I have been trying to understand from the ANNOVAR documentation and other sites the steps needed to make these files from NCBI available to ANNOVAR. I admit to being new to bioinformatics, but have been a software developer for 30+ years. My goal is to annotate by hg38 based VCF file but do not even have a lead as to what to do with the downloaded files. From what I can tell, convert2annovar doesn't support these.

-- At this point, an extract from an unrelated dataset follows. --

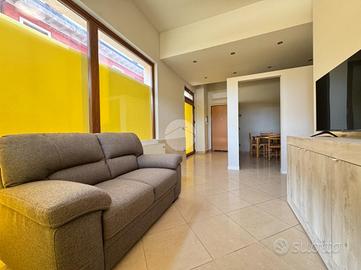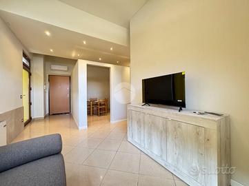 Proponiamo in vendita ampio bilocale di recente costruzione completamente ristrutturato nel 2025 al piano terra con ingresso indipendente, soggiorno e cucina abitabile separata, una camera matrimoniale, antibagno con attacchi per la lavatrice e bagno completo con box doccia. L'appartamento è dotato di impianto di riscaldamento a pompa di calore con due split per riscaldamento e l'aria condizionata . Completano la proprietà due posti auto coperti al piano interrato. L' IMMOBILE VIENE VENDUTO COMPLETAMENTE ARREDATO ED E' LIBERO FIN DA SUBITO.

I downloaded because all of the files on the ANNOVAR download site are almost a year old and I am trying to help determine the gene(s) for a genetic condition for which the genes are not yet known - so the latest and greatest information seemed appropriate.
- GCF_000001405.40_GRCh38.p14_genomic.fna
- genomic.gff
- protein.faa
- genomic.gtf
- rna.fna
- cds_from_genomic.fna
Thanks for any help. References to other resources would be most welcome. I am happy to learn, but have come up empty using web searches.
The documentation is clear on this:
convert2annovar.plis used to convert input (genotype) files to ANNOVAR format. It is not used on dictionary files or annotation sourcesDo you absolutely need to use ANNOVAR? For best results, I recommend using VEP.
Ok I guess I got confused because there is support for, for example gff3-solid, but not directly gff files. I will have a look at VEP, but the issue may simply be that I am not familiar enough with the files, purposes and formats. Thank you
You may also find tools such as vcfanno and bcftools easier to work with, if you don't want to spend too much time reformatting dictionary files.